▸ Exercise requirements:
Your task is to copy the stretch of lines in the records below that begins with the line containing "昭和26年8月19日生 妻：小野崎地区" and ends with the line containing "Şekil 5. Gelin hamamından görünüm", exactly as written, with nothing added.

▸ Source material:
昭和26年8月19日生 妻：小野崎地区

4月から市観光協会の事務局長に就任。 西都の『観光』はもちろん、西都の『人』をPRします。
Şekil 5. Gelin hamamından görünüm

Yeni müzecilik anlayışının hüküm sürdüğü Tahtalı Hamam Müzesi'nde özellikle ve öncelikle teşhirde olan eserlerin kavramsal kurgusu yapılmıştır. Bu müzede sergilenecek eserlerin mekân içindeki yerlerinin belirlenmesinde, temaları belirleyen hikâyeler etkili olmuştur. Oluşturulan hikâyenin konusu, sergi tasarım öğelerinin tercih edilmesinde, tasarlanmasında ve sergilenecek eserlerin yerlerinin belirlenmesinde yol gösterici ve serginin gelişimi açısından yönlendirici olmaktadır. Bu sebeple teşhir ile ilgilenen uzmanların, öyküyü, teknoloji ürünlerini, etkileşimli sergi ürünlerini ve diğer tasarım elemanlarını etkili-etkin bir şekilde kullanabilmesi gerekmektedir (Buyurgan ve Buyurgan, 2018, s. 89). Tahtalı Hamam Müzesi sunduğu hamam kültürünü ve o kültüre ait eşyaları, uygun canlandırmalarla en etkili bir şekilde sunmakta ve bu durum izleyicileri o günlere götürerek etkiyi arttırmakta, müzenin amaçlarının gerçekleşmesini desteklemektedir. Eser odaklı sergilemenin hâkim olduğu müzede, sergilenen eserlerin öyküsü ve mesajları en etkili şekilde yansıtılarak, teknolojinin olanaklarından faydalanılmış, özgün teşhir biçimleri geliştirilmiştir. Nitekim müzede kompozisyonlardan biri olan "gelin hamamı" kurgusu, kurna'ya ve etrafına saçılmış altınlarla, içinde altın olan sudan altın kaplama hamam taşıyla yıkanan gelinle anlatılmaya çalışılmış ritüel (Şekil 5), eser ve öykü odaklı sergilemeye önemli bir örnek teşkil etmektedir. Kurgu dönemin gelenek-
==
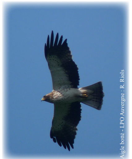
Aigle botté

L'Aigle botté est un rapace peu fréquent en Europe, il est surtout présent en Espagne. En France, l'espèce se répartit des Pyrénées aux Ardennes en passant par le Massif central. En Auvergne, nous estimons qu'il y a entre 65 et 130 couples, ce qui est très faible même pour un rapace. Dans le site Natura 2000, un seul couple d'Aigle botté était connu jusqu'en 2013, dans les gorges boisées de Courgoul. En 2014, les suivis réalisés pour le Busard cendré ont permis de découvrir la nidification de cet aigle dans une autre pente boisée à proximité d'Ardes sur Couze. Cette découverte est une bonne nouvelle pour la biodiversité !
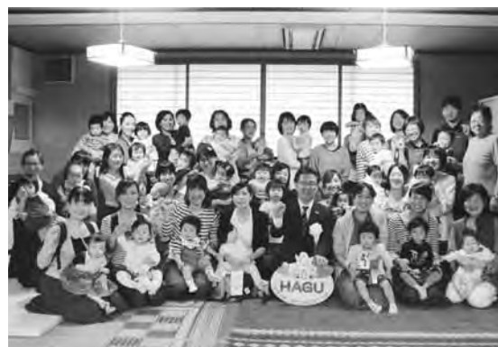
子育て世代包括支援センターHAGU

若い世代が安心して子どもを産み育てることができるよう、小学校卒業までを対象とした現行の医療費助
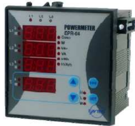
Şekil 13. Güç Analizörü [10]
...
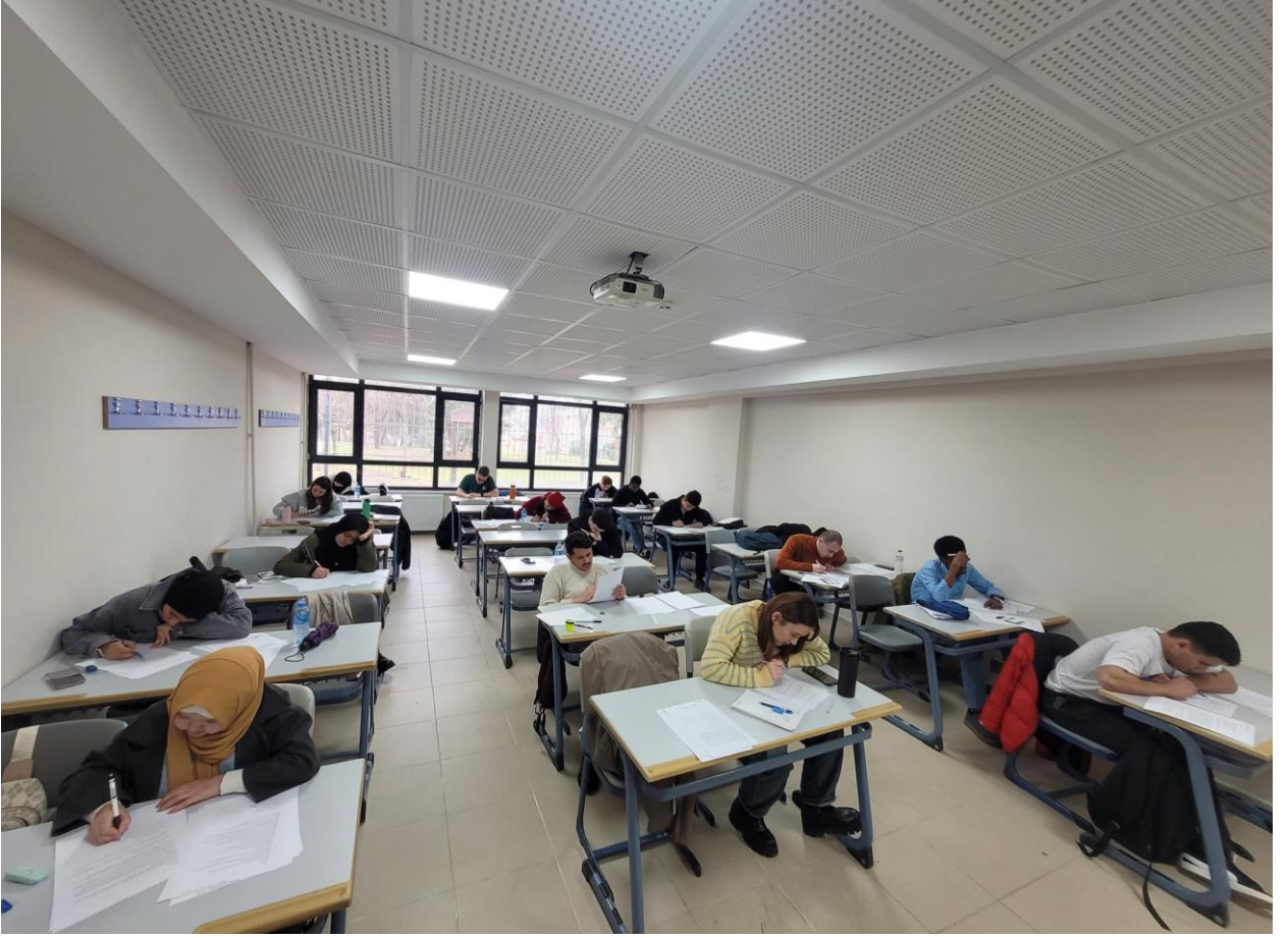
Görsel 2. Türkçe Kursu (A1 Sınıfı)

▸ Written solution:
昭和26年8月19日生 妻：小野崎地区

4月から市観光協会の事務局長に就任。 西都の『観光』はもちろん、西都の『人』をPRします。
Şekil 5. Gelin hamamından görünüm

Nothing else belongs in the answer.